• _Your task_
Please return exactly the lines below that run from the line with "Features dual top" through the end of the listing, both included, but not the pictures.

─── Recorded data

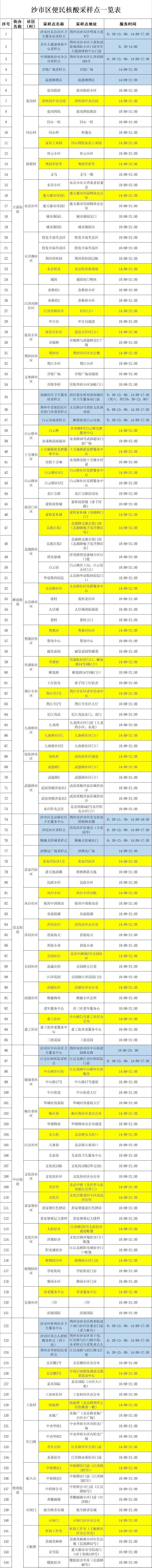 为切实做好新冠肺炎疫情防控工作,保障广大居民朋友身体健康,全区实行核酸检测“两天一检”,对进入开放公共场所及小区的人员严格落实“测温、扫场所码、验健康码、查行程卡、戴口罩、一米线、查验48小时内核酸检测阴性证明”等防疫措施。为方便居民进行核酸检测,从11月5日起,沙市区常态化核酸采样点优化调整为212处(详情见附表)。
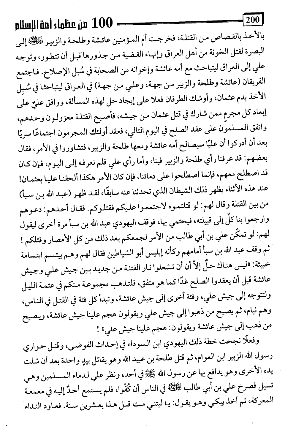 وفعلًا نجحت خطة ذلك اليهودي ابن السوداء في إحداث الفوضى، وقتل حواري رسول اللَّه الزبير ابن العوام، ثم قتل طلحة بن عبيد اللَّه وهو يقاتل بيدٍ واحدة بعد أن شلت يده الأخرى وهو يدافع بها عن رسول اللَّه -صلى اللَّه عليه وسلم- في أحد، ونظر علي لدماء المسلمين وهي تسيل فصرخ علي بن أبي طالب -رضي اللَّه عنه- في الناس أن كُفّوا، فلم يستمع أحدٌ إليه في معمعة المعركة، ثم أخذ يبكي وهو يقول: يا ليتني مت قبل هذا بعشرين سنة. فعاود النداء
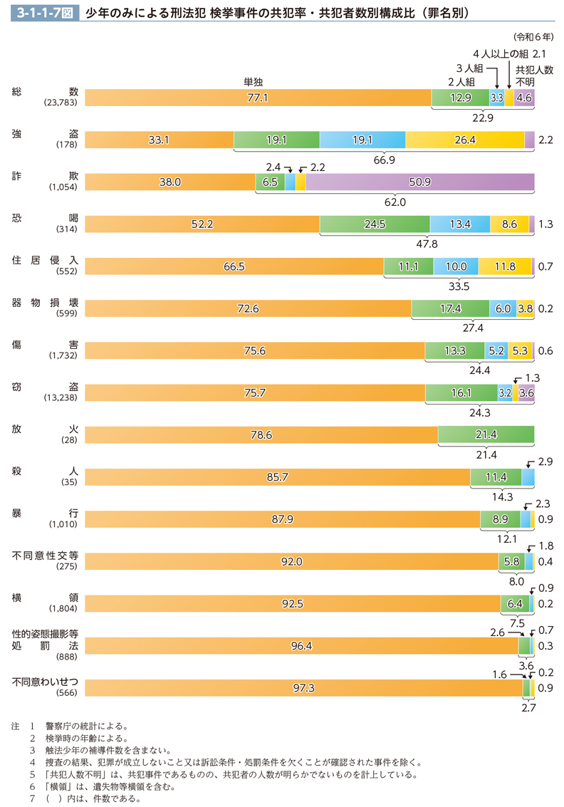 令和6年における刑法犯の検挙事件(触法少年の補導件数を含まない。また、捜査の結果、犯罪が成立しないこと又は訴訟条件・処罰条件を欠くことが確認された事件を除く。)のうち、少年のみによる事件(少年の単独犯又は少年のみの共犯による事件)での共犯率(共犯による事件数(共犯事件であるものの、共犯者の人数が明らかでないものを含む。)の占める比率をいう。)・共犯者数別構成比を主な罪名別に見ると、3-1-1-7図のとおりである。総数では、少年のみによる事件での共犯率は22.9%であり、20歳以上の者のみによる事件(20歳以上の者の単独犯又は20歳以上の者のみの共犯による事件)での共犯率(12.5%)と比べて高い(CD-ROM参照)。
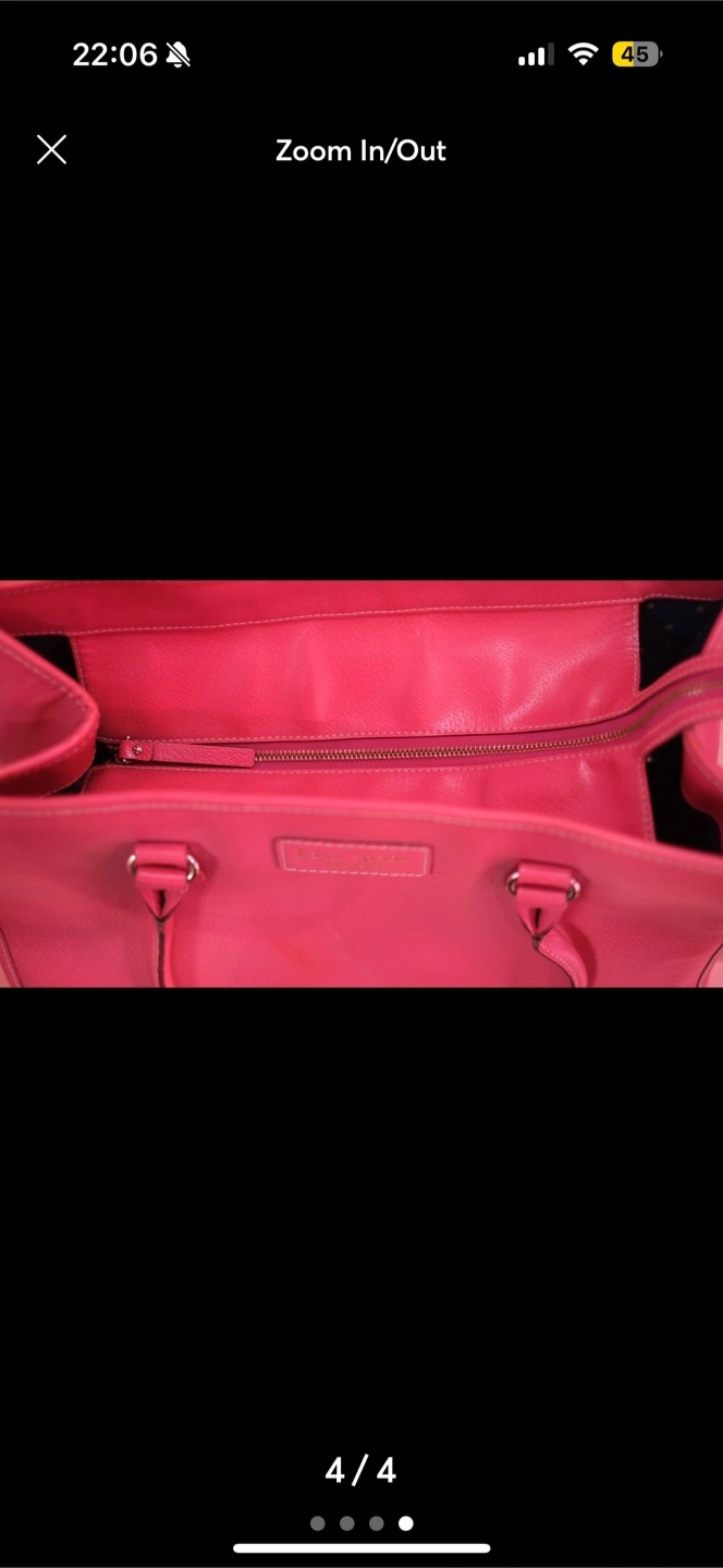 Features dual top handles, structured silhouette, and spacious interior with a zip pocket for secure storage. The leather is in great shape overall with some minor wear/scuffs on the front—see photos for detail. Stylish, functional, and perfect for everyday use, errands, or work.
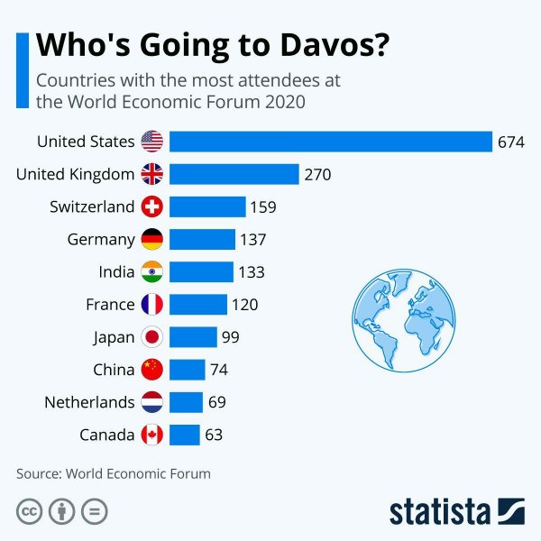 Канал "Рука рынка" обратил внимание на стартовавший в швейцарском Давосе Всемирный экономический форум. Как оказалось, наиболее широко представлен на нем американский бизнес — 674 участника от США. Ближайшие преследователи — Великобритания и Швейцария — представлены заметно скромнее: 270 и 159 участников соответственно. России в первой десятке, которую замыкают 63 канадца, не оказалось.
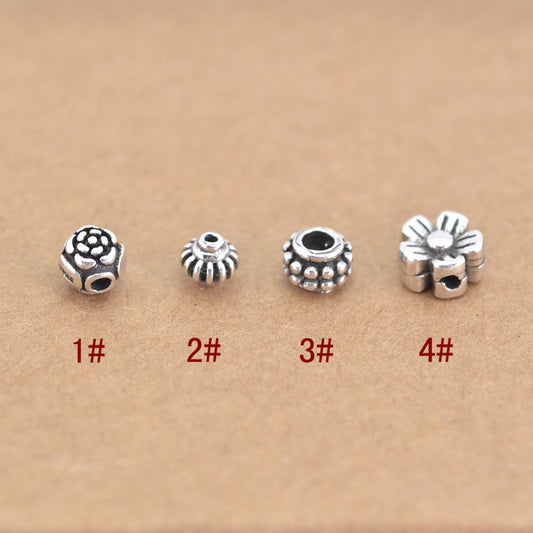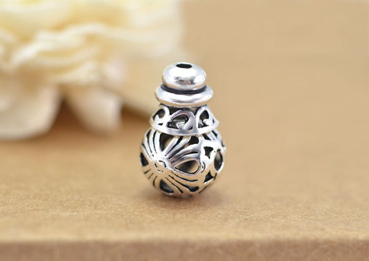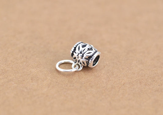 Sterling Silver Tiny Drum Bead Floral Heart Bead Charm Pendant S925 Finding
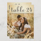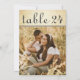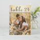 Para personalizar: digite o número da tabela, clique em "alterar" pela foto padrão para carregar sua própria foto e adicione essa placa de número de tabela individual ao seu carrinho de compro. Repita para todos os números de tabela necessários. Texto suave de script preto e design de divisor pontilhado em um fundo que tem uma aparência antiga de marfim/papel antigo.
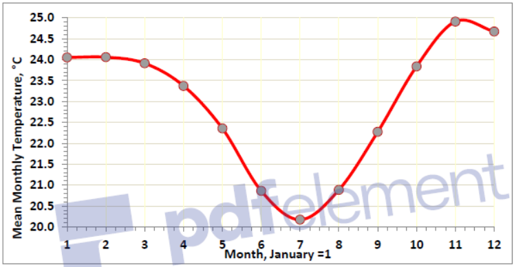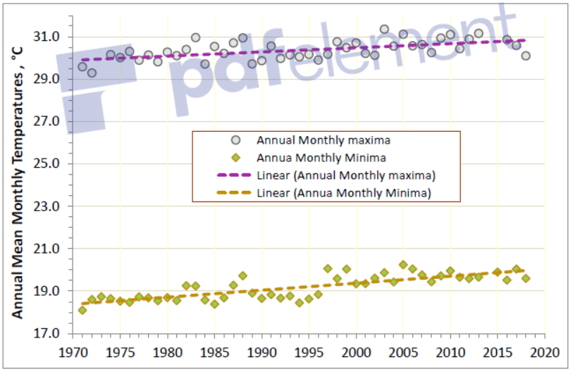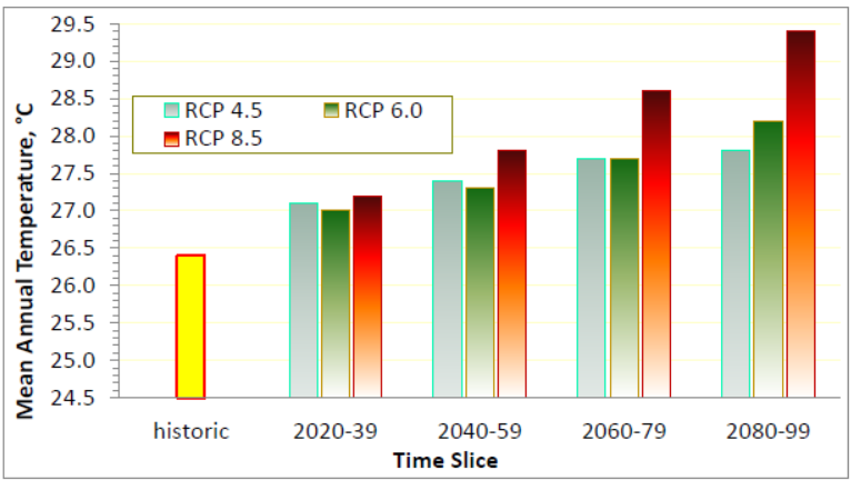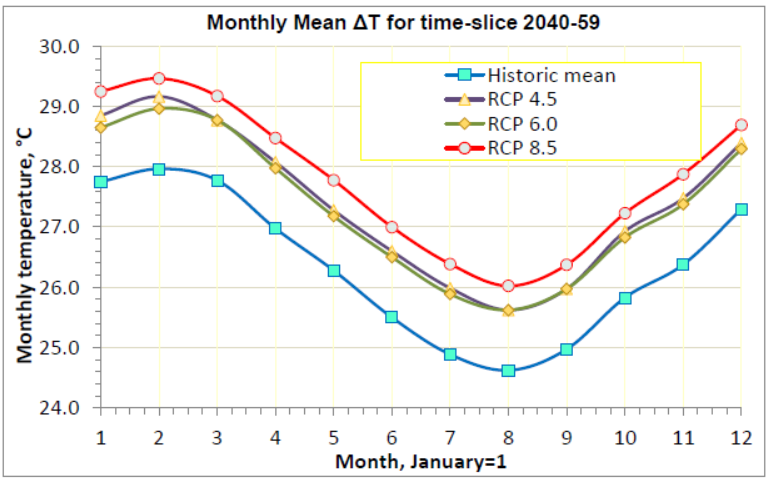 Projected temperatures are modelled on a mean monthly basis, shown in Figure 4, for 2050 and 2090, and for RCPs 4.5, 6.0 and the worst case 8.5. The most likely increase of about 1.5°C, relative to recent historic temperatures, is about normal for a tropical to sub-tropical environment.

──────

• _Task output_
 Features dual top handles, structured silhouette, and spacious interior with a zip pocket for secure storage. The leather is in great shape overall with some minor wear/scuffs on the front—see photos for detail. Stylish, functional, and perfect for everyday use, errands, or work.
 Канал "Рука рынка" обратил внимание на стартовавший в швейцарском Давосе Всемирный экономический форум. Как оказалось, наиболее широко представлен на нем американский бизнес — 674 участника от США. Ближайшие преследователи — Великобритания и Швейцария — представлены заметно скромнее: 270 и 159 участников соответственно. России в первой десятке, которую замыкают 63 канадца, не оказалось.
 Sterling Silver Tiny Drum Bead Floral Heart Bead Charm Pendant S925 Finding
 Para personalizar: digite o número da tabela, clique em "alterar" pela foto padrão para carregar sua própria foto e adicione essa placa de número de tabela individual ao seu carrinho de compro. Repita para todos os números de tabela necessários. Texto suave de script preto e design de divisor pontilhado em um fundo que tem uma aparência antiga de marfim/papel antigo.
 Projected temperatures are modelled on a mean monthly basis, shown in Figure 4, for 2050 and 2090, and for RCPs 4.5, 6.0 and the worst case 8.5. The most likely increase of about 1.5°C, relative to recent historic temperatures, is about normal for a tropical to sub-tropical environment.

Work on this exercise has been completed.